• _Problem to solve_: Which lines run from the one containing "O projeto com" through the end of the data? Write them out exactly, with the pictures left out.

(Data items)
--------------------------------------------------

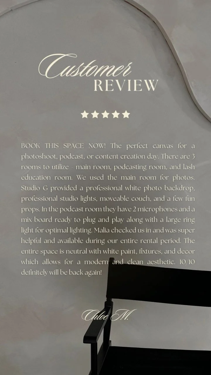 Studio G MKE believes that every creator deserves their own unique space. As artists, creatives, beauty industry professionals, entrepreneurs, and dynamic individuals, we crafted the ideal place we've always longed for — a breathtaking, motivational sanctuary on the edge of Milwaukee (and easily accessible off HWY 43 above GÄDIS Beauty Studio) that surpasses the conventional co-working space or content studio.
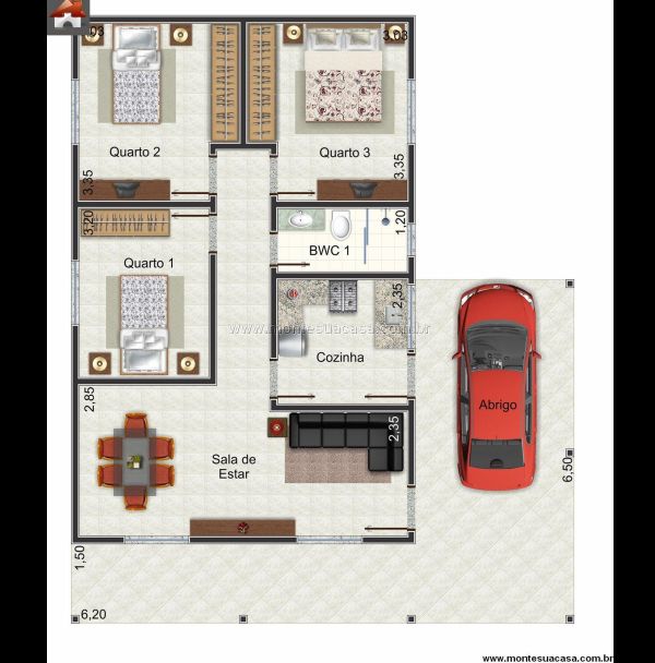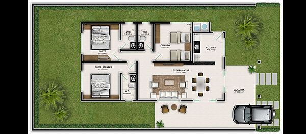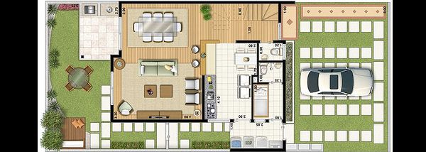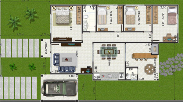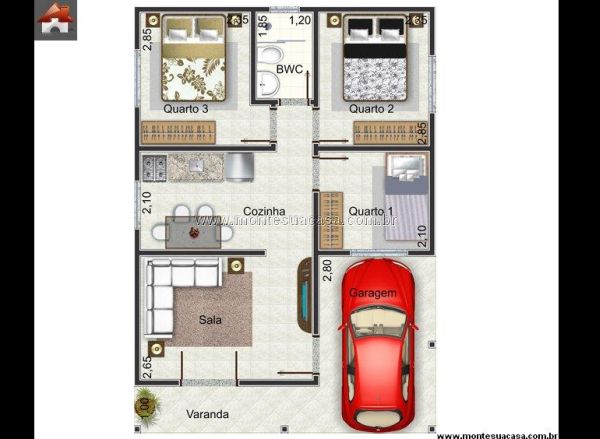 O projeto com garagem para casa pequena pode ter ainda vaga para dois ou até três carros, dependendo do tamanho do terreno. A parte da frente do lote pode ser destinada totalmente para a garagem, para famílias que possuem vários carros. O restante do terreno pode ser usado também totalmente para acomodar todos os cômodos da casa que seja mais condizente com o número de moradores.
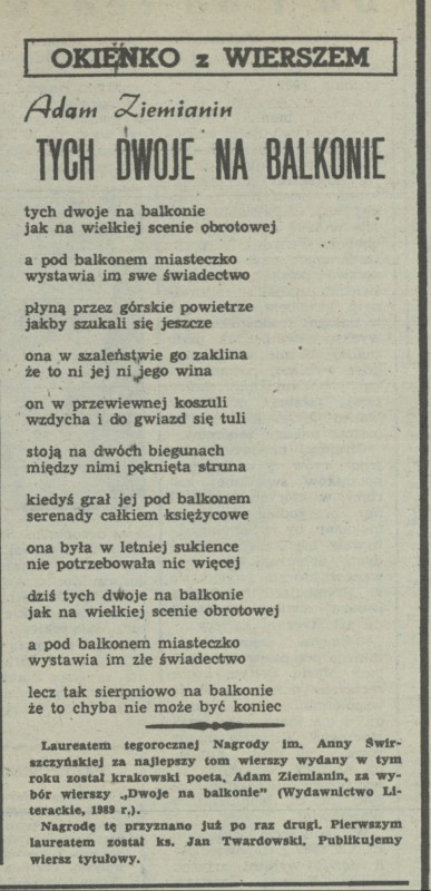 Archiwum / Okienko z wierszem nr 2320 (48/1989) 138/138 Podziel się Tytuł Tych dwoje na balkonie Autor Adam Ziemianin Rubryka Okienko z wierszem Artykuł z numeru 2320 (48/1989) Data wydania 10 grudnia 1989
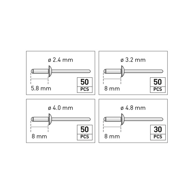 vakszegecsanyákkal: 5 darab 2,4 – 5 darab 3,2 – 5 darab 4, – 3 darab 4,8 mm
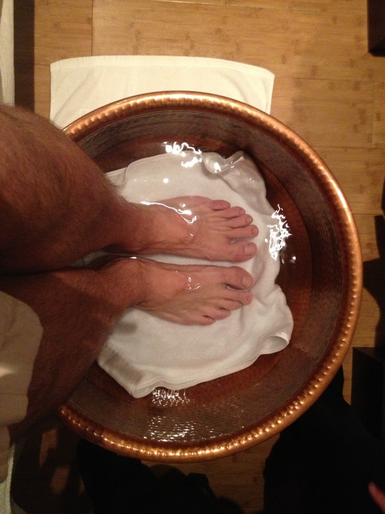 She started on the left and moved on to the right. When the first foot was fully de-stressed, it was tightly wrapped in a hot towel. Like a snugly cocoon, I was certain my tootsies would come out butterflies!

--------------------------------------------------

• _Task answer_:
 O projeto com garagem para casa pequena pode ter ainda vaga para dois ou até três carros, dependendo do tamanho do terreno. A parte da frente do lote pode ser destinada totalmente para a garagem, para famílias que possuem vários carros. O restante do terreno pode ser usado também totalmente para acomodar todos os cômodos da casa que seja mais condizente com o número de moradores.
 Archiwum / Okienko z wierszem nr 2320 (48/1989) 138/138 Podziel się Tytuł Tych dwoje na balkonie Autor Adam Ziemianin Rubryka Okienko z wierszem Artykuł z numeru 2320 (48/1989) Data wydania 10 grudnia 1989
 vakszegecsanyákkal: 5 darab 2,4 – 5 darab 3,2 – 5 darab 4, – 3 darab 4,8 mm
 She started on the left and moved on to the right. When the first foot was fully de-stressed, it was tightly wrapped in a hot towel. Like a snugly cocoon, I was certain my tootsies would come out butterflies!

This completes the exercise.